Vendors with data-processing expertise for the first time could package, deliver, monitor and maintain a managed service, a data-plane which runs within the company’s Kubernetes environment. All company data could reside within — and never leave — the managed data-plane. On top of this, the vendor is able to provide all of the upsides of typical cloud-managed SaaS as an external service run by the vendor. Companies would still be able to enjoy fancy UI and consolidated management as the control plane pairs with the customer-installed data-plane, allowing for a nearly identical customer experience as current industry standards.
The benefits of using this Kubernetes-fueled approach to create a managed data-plane are multifold:
- Cost and time Instead of paying for expensive and time consuming data transfers outside of your infrastructure to a third party, process it where it sits. Data transfer is routinely the biggest ticket item in cloud bills.
- Privacy and security All data resides within a company’s infrastructure and never leaves. The enterprise will be able to rest at ease knowing that it has full control over the security and privacy of its data.
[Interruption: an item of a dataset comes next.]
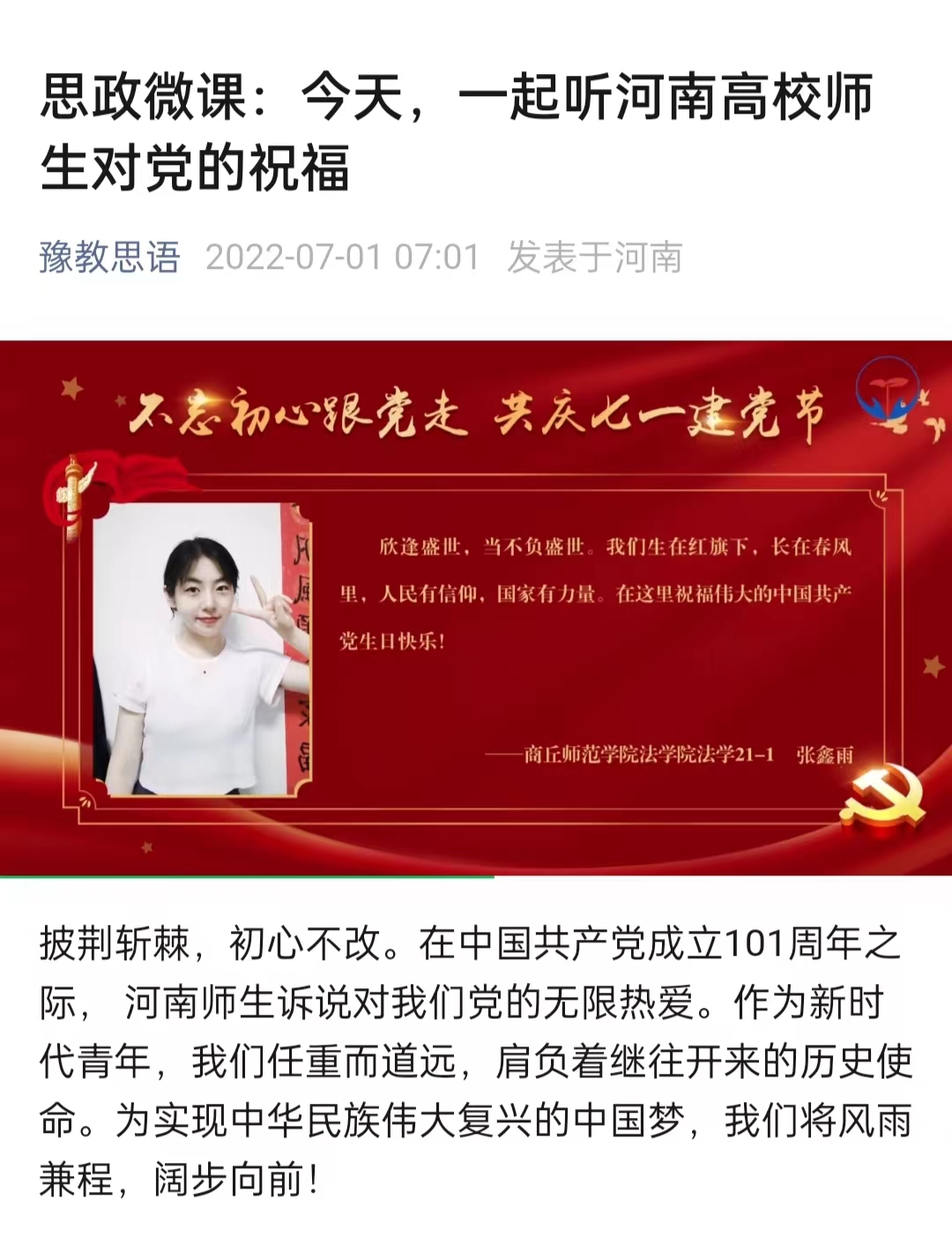披荆斩棘,初心不改。在中国共产党成立101周年之际, 河南师生诉说对我们党的无限热爱。作为新时代青年,我们任重而道远,肩负着继往开来的历史使命。为实现中华民族伟大复兴的中国梦,我们将风雨兼程,阔步向前!

- Engineering time Instead of needing to become experts in operating complex, distributed processing engines, outsourcing to an expert is now possible.
- Infrastructure agnostic Solutions built in this manner will work regardless of infrastructure in both hosted and cloud environments.
Furthermore, Kubernetes opens new possibilities to work with low latency applications that exist on your infrastructure. Imagine being able to plug new services (that provide managed machine learning, reporting or analytics) that happen immediately without the expense of transferring over the internet. Testing out vendors becomes simple and painless.
There are challenges with the approach. For vendors, this operating model requires thoughtful approaches to application instrumentation and consolidated monitoring. Rather than having one or a few vendor-hosted multi-tenant environments to manage, the vendor must have scalable processes to manage and monitor thousands of external customer data-planes. All good paradigm shifts have some complexity to work through.
Undoubtedly, the next generation of tech infrastructure vendors will leverage tools like Kubernetes to build technologies which can be used by the biggest enterprise out there without operational or business risk. The only real question is which industries and vendors will move first to enable this new paradigm. Estuary is committed to invoking these design principles for privacy, security and customer confidence.